I'm currently in dispute with these guys about an emergency stop (health) I made at a motorway station in the early hours one morning.

I have absolutely no doubt that they will not bend and I will end up paying but one has to try.

Apparently PE has an annual turnover of £25 million and are ruthless and rarely take prisoners.


----------



## Steve_UK (May 18, 2012)

tonyt said:


> I'm currently in dispute with these guys about an emergency stop (health) I made at a motorway station in the early hours one morning.
> 
> I have absolutely no doubt that they will not bend and I will end up paying but one has to try.
> 
> Apparently PE has an annual turnover of £25 million and are ruthless and rarely take prisoners.


Tonyt,

Please, please do not pay!

Head on over to PePiPoo where you will find loads of knowledgeable, friendly and very helpful people who will assist you in paying these scavengers a big fat zero!

There is even a service available where you can pay £16 and they take it on for you (and pay themselves if they lose, which they don't).

Anyway, in a nutshell, once you "appeal" the charge with them they should (on rejection) provide you with a code with which you can appeal to the "independent adjudication service". That's the one where you are just about guaranteed to win as long as you follow the expert advice provided on the above site.

Steve


----------



## stevegos (Jun 23, 2013)

If anyone else gets a non-council parking ticket for parking on private land, it is only an invitation to pay. It's a civil contract matter and not a fine.

It would cost them thousands to pursue you to obtain the £60.

Don't pay and ignore. They will send threatening letters and debt collectors letters. Ignore them.

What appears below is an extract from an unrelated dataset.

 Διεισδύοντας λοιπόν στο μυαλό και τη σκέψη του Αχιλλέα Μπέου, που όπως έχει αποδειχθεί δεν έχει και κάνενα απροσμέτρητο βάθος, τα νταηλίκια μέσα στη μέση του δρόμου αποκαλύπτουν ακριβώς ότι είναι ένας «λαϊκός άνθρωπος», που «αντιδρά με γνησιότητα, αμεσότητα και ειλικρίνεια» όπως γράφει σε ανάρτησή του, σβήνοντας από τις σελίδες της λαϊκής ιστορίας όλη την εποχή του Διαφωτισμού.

They send out Parking Charge Notices (PCN's) with exchequer police logos that look official but they are not.


----------



## Steve_UK (May 18, 2012)

The general consensus is no longer to ignore. Since late 2012 the "Protection of Freedoms Act", while outlawing clamping thank goodness, now allows parking companies to pursue the keeper of a vehicle for payment if the driver does not cough up.

That being said, it does not take a lot of effort to defeat these gangsters (a lot of whom are ex-clampers by the way), but it is definitely worth taking advice from the more knowledgeable on PePiPoo (see link in my post above) or from others on Money Saving Expert's forums.

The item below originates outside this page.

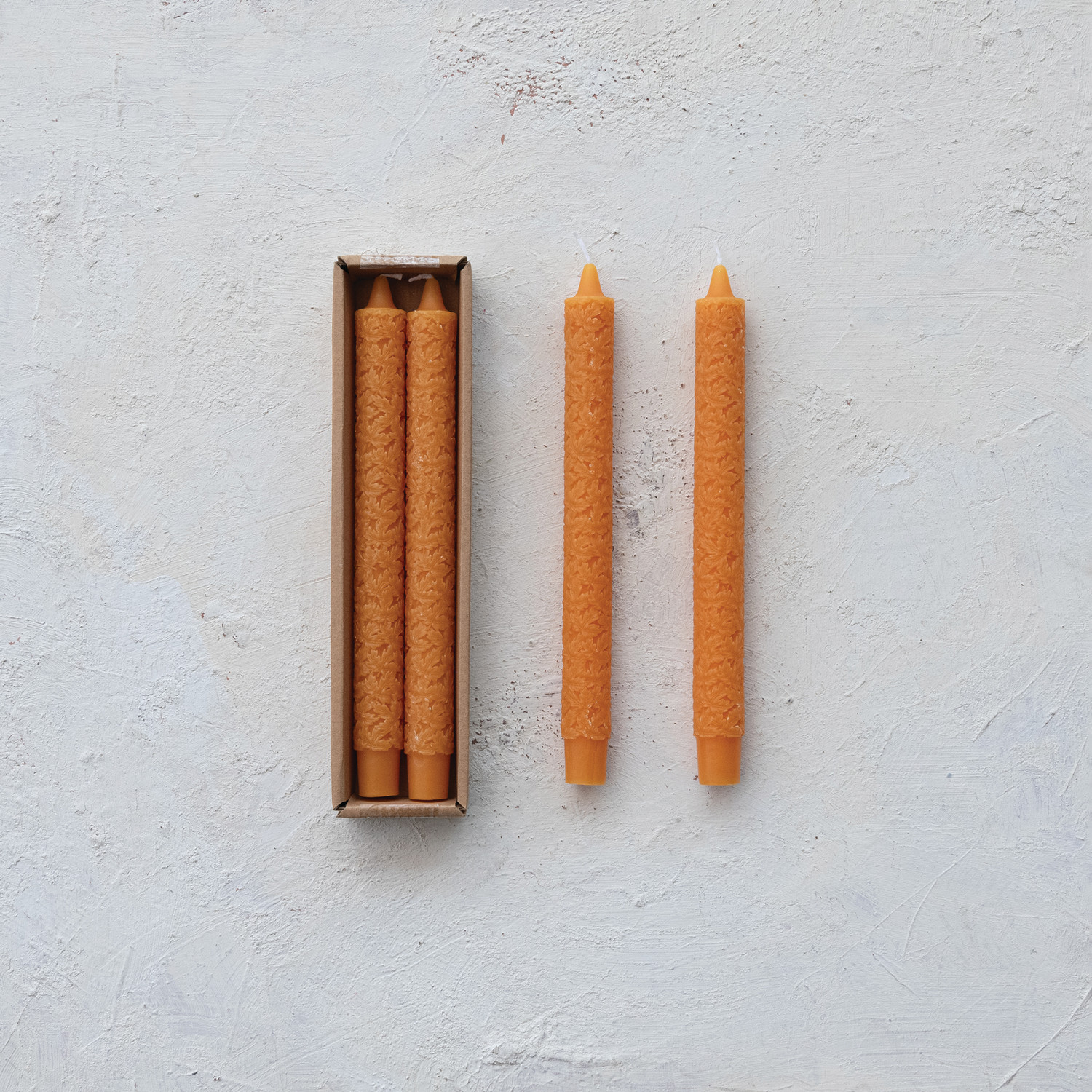 Unscented Maple Leaf Pattern Taper Candles in Box, Set of 2

Just be aware that, should you decide to simply ignore, some companies are now issuing court claims. They often simply back down if it is defended, but rely on (1) many people being scared into paying up by this action or (2) people ignoring and them gaining a default judgement.

Steve


----------



## teemyob (Nov 22, 2005)

Hello,

Thank you, I will update if I get any more letters.

TM


----------